RAW DATA:
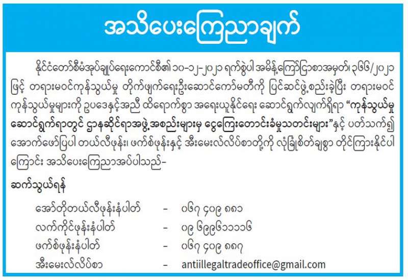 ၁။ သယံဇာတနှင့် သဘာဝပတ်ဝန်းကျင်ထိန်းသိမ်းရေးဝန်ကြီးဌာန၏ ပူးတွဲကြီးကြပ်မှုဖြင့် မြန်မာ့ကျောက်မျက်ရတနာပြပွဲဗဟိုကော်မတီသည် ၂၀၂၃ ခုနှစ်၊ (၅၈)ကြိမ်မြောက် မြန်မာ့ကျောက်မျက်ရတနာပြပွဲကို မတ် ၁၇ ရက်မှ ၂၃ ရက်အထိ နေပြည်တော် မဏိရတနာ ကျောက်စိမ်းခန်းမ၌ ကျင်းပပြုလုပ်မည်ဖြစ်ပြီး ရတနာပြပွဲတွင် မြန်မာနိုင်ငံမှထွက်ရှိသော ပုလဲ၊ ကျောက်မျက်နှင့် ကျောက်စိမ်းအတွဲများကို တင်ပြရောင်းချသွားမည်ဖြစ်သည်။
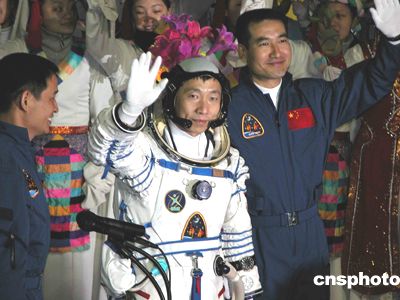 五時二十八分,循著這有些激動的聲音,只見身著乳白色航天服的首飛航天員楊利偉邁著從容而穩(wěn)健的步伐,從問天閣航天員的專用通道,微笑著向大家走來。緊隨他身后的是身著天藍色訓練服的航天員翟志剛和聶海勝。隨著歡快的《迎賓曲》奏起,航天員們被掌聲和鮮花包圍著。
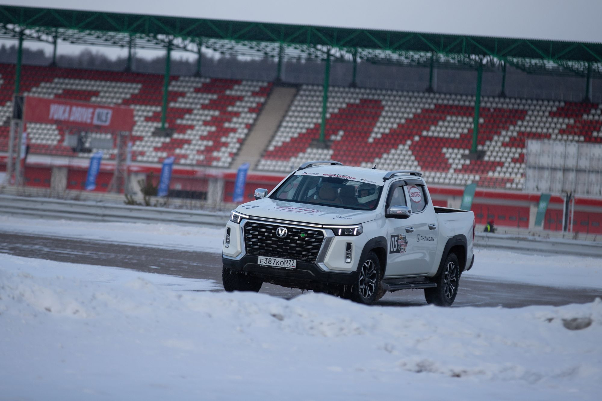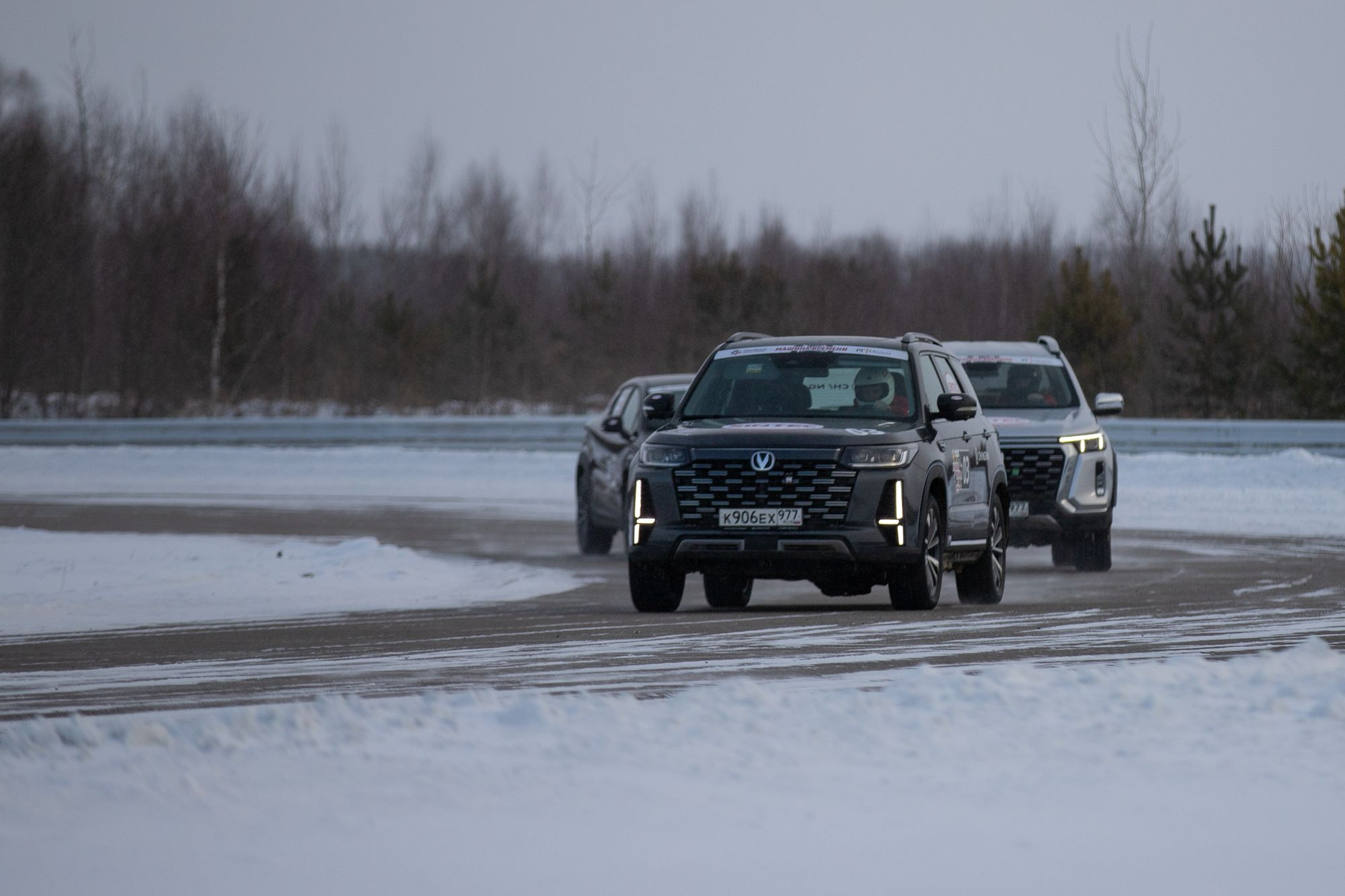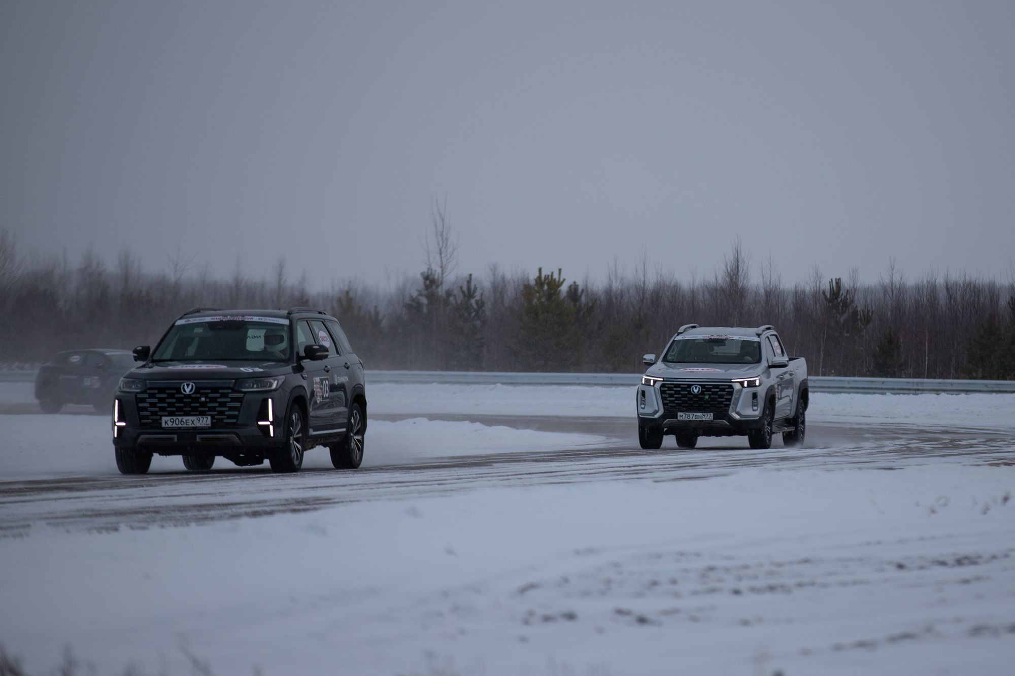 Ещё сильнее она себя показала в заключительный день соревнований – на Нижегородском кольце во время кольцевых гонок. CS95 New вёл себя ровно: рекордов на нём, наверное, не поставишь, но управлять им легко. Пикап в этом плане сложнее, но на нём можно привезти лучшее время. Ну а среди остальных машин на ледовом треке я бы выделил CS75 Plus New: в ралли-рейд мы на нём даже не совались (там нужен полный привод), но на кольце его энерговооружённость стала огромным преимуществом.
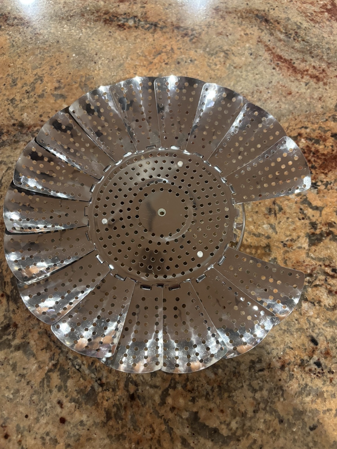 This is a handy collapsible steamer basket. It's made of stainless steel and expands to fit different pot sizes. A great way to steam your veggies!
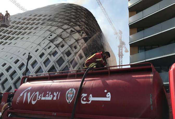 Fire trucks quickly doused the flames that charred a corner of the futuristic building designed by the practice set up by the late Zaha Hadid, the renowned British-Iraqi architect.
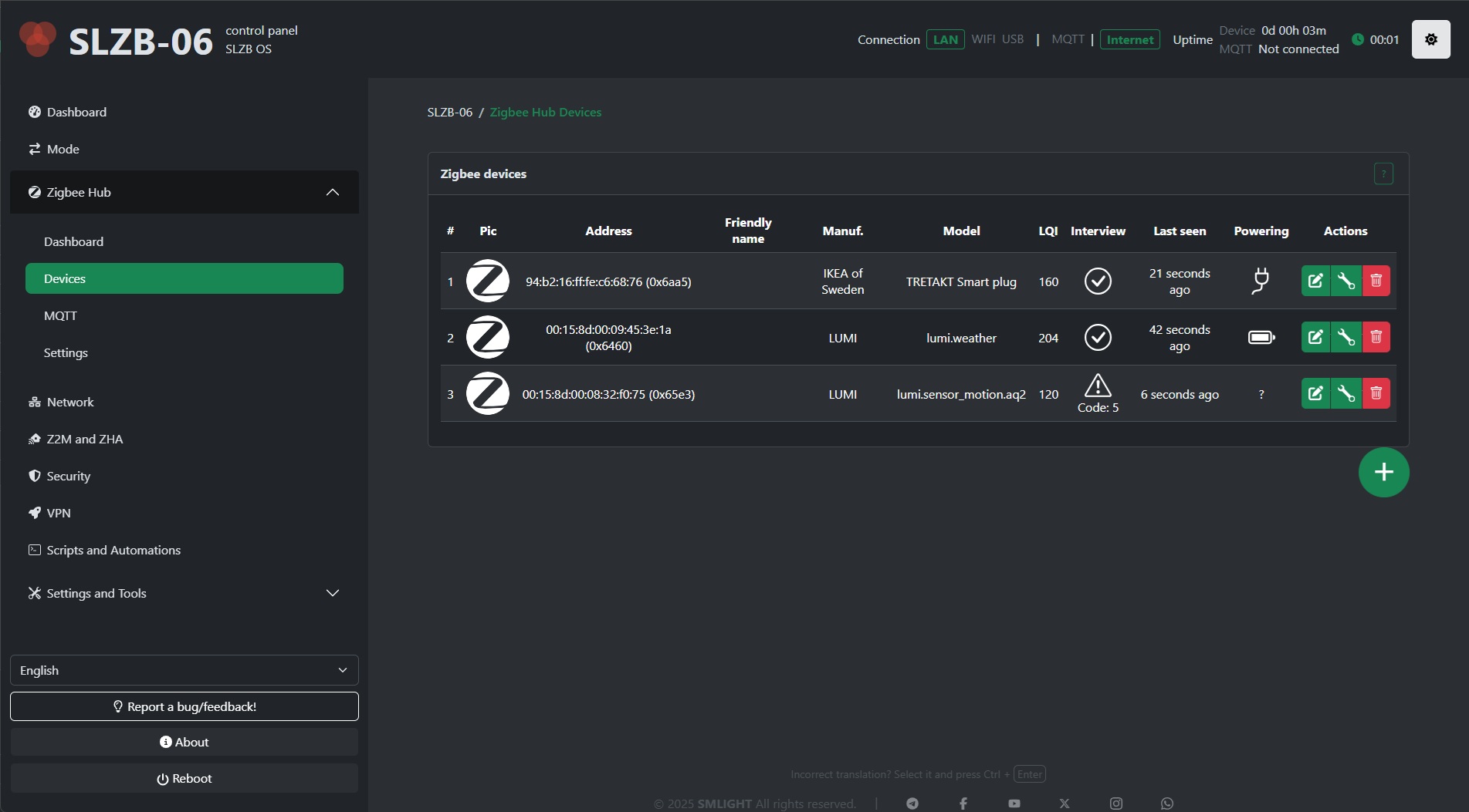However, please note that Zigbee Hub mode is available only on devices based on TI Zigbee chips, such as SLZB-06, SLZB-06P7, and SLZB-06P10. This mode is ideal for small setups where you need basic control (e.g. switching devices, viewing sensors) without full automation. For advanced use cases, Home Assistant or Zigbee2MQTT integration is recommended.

EXERCISE: An exact copy is needed. It runs from the line above containing "五時二十八分,循著這有些激動" down to the line containing "Fire trucks quickly", both included, with no pictures.

OUTPUT BELOW:
 五時二十八分,循著這有些激動的聲音,只見身著乳白色航天服的首飛航天員楊利偉邁著從容而穩(wěn)健的步伐,從問天閣航天員的專用通道,微笑著向大家走來。緊隨他身后的是身著天藍色訓練服的航天員翟志剛和聶海勝。隨著歡快的《迎賓曲》奏起,航天員們被掌聲和鮮花包圍著。
 Ещё сильнее она себя показала в заключительный день соревнований – на Нижегородском кольце во время кольцевых гонок. CS95 New вёл себя ровно: рекордов на нём, наверное, не поставишь, но управлять им легко. Пикап в этом плане сложнее, но на нём можно привезти лучшее время. Ну а среди остальных машин на ледовом треке я бы выделил CS75 Plus New: в ралли-рейд мы на нём даже не совались (там нужен полный привод), но на кольце его энерговооружённость стала огромным преимуществом.
 This is a handy collapsible steamer basket. It's made of stainless steel and expands to fit different pot sizes. A great way to steam your veggies!
 Fire trucks quickly doused the flames that charred a corner of the futuristic building designed by the practice set up by the late Zaha Hadid, the renowned British-Iraqi architect.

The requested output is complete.